Steroids May Beat Surgery for Carpal Tunnel
Steroid Injections Provide Better Short-Term Relief of Pain From Carpal Tunnel Syndrome
WebMD News Archive
Feb. 3, 2005 - Steroid injections may be more effective than surgery for short-term relief of painful carpal tunnel syndrome symptoms, according to a new study.
Researchers compared the effectiveness of steroid injections vs. surgery in relieving the symptoms of carpal tunnel syndrome over the course of a year and found that the shots were just as effective as surgery at long-term relief of pain and may actually be more effective in the short-term.

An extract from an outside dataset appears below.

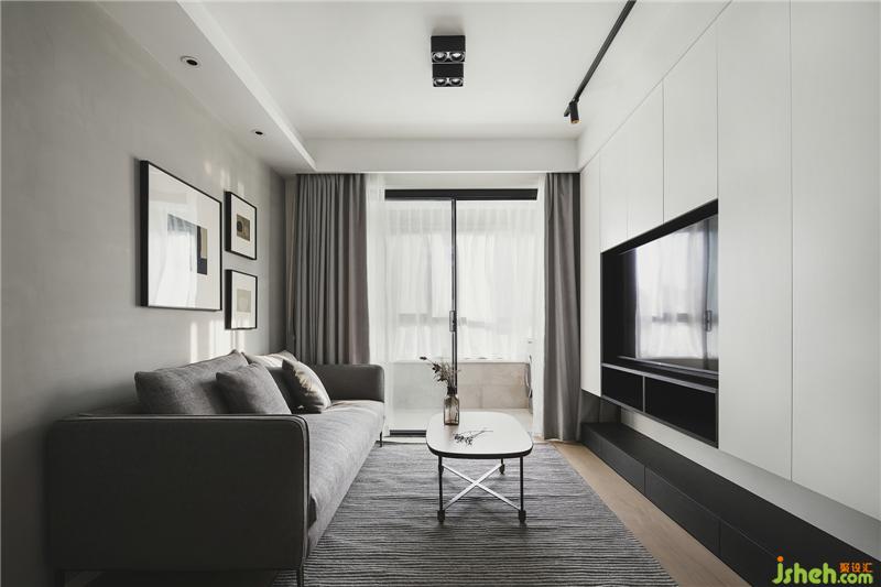 The space is quiet, gray freehand and simple. The storage TV background wall is ready for the future life.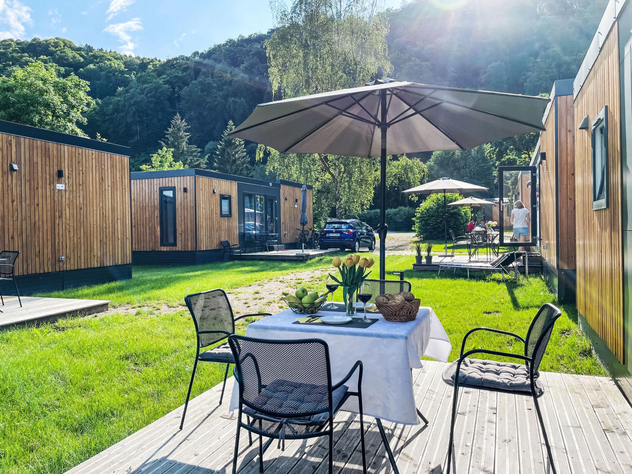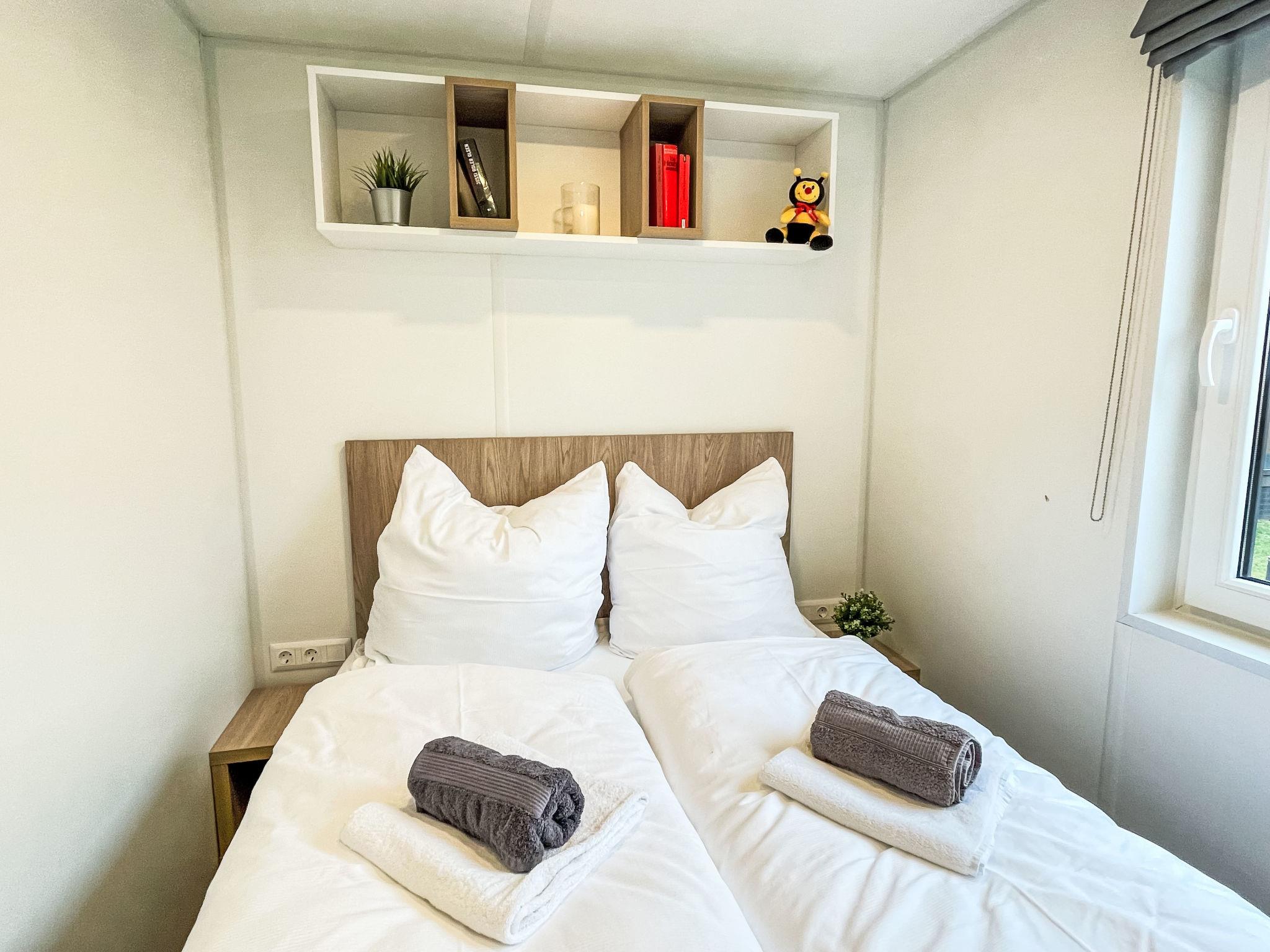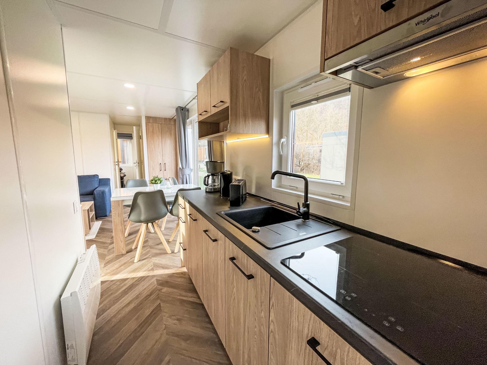 "Tiny Haus Villa Sunrise", 3-room mobile home 32 m2. Cosy furnishings: living room with satellite TV (flat screen). Exit to the terrace. 1 room with 1 french bed (140 cm, length 200 cm). 1 room with 2 beds (80 cm, length 200 cm). Kitchenette (4 ceramic glass hob hotplates, kettle, electric coffee machine). Shower/WC. Electric heating. Terrace. Terrace furniture. Facilities: hair dryer. Parking (1 car) at 30 m. Please note: non-smoking house. Smoke alarm.

Although the pain, tingling, and weakness of the thumb, index , and middle fingers of the hand caused by carpal tunnel syndrome are common problems among computer workers and others who perform repetitive motions, researchers say there is no preferred treatment for the disorder.
The researchers say carpal tunnel syndrome is one of the most commonly reported occupational illnesses.
The condition occurs when the median nerve, which runs from the forearm to the base of the palm, becomes compressed by inflammation within a band of tissue in the wrist. Typically the symptoms are worse at night.
Mild cases may be treated with anti-inflammatory medications, local injections of steroids at the source of pain, or wearing splints on the hand and wrist to relieve pressure on the median nerve. More severe cases are often treated with surgery to decompress the nerve, since this condition can lead to partial loss of function of the thumb and permanent loss of sensation.
But the researchers say insufficient studies exist about the optimal treatment method for carpal tunnel syndrome.
Surgery vs. Shots for Carpal Tunnel
In the study, researchers looked at the effects of surgical treatment vs. steroid injections in 163 wrists belonging to 101 patients (93 women and 8 men) with newly onset carpal tunnel syndrome. All of the patients had carpal tunnel symptoms, such as nightly attacks of extreme tingling and burning in the hand and fingers that disrupted their sleep for at least three months.
Eighty of the wrists were treated with the standard surgical decompression procedure, and the remaining 83 were treated with local steroid injections. Fourteen days after treatment, 69 of the wrists that were treated with steroid injections received a second injection.